Prairie Lea is an unincorporated community in Caldwell County, Texas, United States. According to the Handbook of Texas, the community had an estimated population of 255 in 2000. It is part of the Austin–Round Rock Metropolitan Statistical Area.

History
The community, Caldwell County's oldest, was built on the 1820 land grant of Joe Martin of Gonzales. Sam Houston named the town for his future wife Margaret Lea Houston. Edmund Bellinger, a veteran of the Battle of San Jacinto and Battle of Plum Creek, became Prairie Lea's first settler in 1839. Other early settlers were largely slave-holding families. Growth followed the establishment of a sawmill, gristmill, and gin by Thomas Mooney on the nearby San Marcos River. The remains of this dam can still be seen today. James Hugh Callihan opened the first store in the community in 1849. By 1853, there was a hotel, two stores, and a post office in Prairie Lea. During the Civil War, men from Prairie Lea served with John Bell Hood's Texas Brigade and joined forces with an army in northern Virginia and took part in the ill-fated Sibley Campaign in New Mexico Territory. Members of that expedition who were either starving or stranded were brought back to their homes by a community committee that had organized wagons, mules, harnesses, food, and supplies for the mission in June 1862. A gristmill called Mooney gristmill paid for other food supplies by a special county tax and donations to the families living in Caldwell County made destitute by the war. Hardship in the community was caused by reconstruction. Nothing could stop violence in the community, not even the stationing of troops nor appeals to the Freedmen's Bureau. Some families living in the community moved to Mexico. Peace and prosperity did come back to the community by the 1870s, but an 1877 fire destroyed the community's business district, which contained 17 stores.  By 1884, Prairie Lea had a population of 100 with gristmills, cotton gins, and two churches. It eventually shipped cotton. By 1914, the number of residents had grown to 350 and had three general stores and two blacksmith shops. Development of the nearby Luling oilfield during the 1920s caused an increase in Prairie Lea's population.  During the latter half of the twentieth century, the population slowly declined. By 1990, Prairie Lea was home to 100 residents. That number had risen to 255 in 2000 with five small businesses and two churches operating in the community. Its population shrunk to 100 in 2010.

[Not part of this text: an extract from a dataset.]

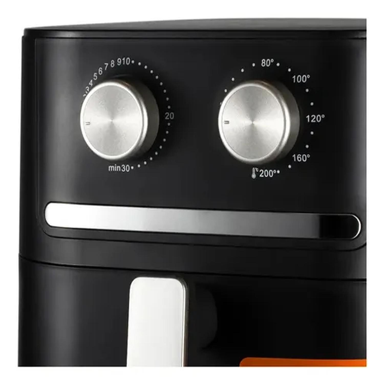 Ideal para quienes buscan una alternativa saludable a la fritura tradicional, esta freidora de aire combina capacidad, potencia y facilidad de uso en un elegante diseño negro.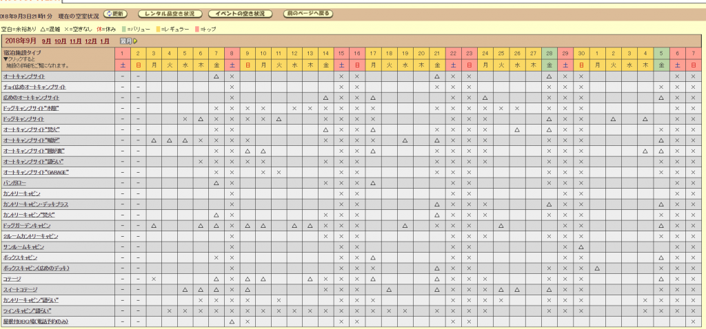 2018キャンプアンドキャビンズ那須9月の予約状況

Although Prairie Lea is unincorporated, it has a post office, with the ZIP Code of 78661.

On September 18, 2018, an 18-year-old student was arrested and charged with making terroristic threats towards a student and Prairie Lea School, as well as evading arrest.

Geography
Prairie Lea is situated along State Highway 80 in southwestern Caldwell County, approximately six miles northwest of Luling and ten miles southwest of Lockhart near the San Marcos River. The nearest major city is Austin, located 44 miles to the north. San Marcos is located 20 miles northeast.

Education
The community's first school was organized in a log cabin in 1848 and was used for church services as well. A charter school called Prairie Lea Academy was established by a Masonic order in 1852 and then a school for girls called Prairie Lea Female Institute opened in 1860. It had a school in 1853 and another school was built by the Grange in 1878. Another school was established in 1890. A five-room school building was constructed in 1925. Higher enrollment caused the school to add five new classrooms the following year. By the 1940s, students in nearby Fentress and Stairtown attended the school. It was still the focus of community life in 1990 and was classified as a cooperative educational effort.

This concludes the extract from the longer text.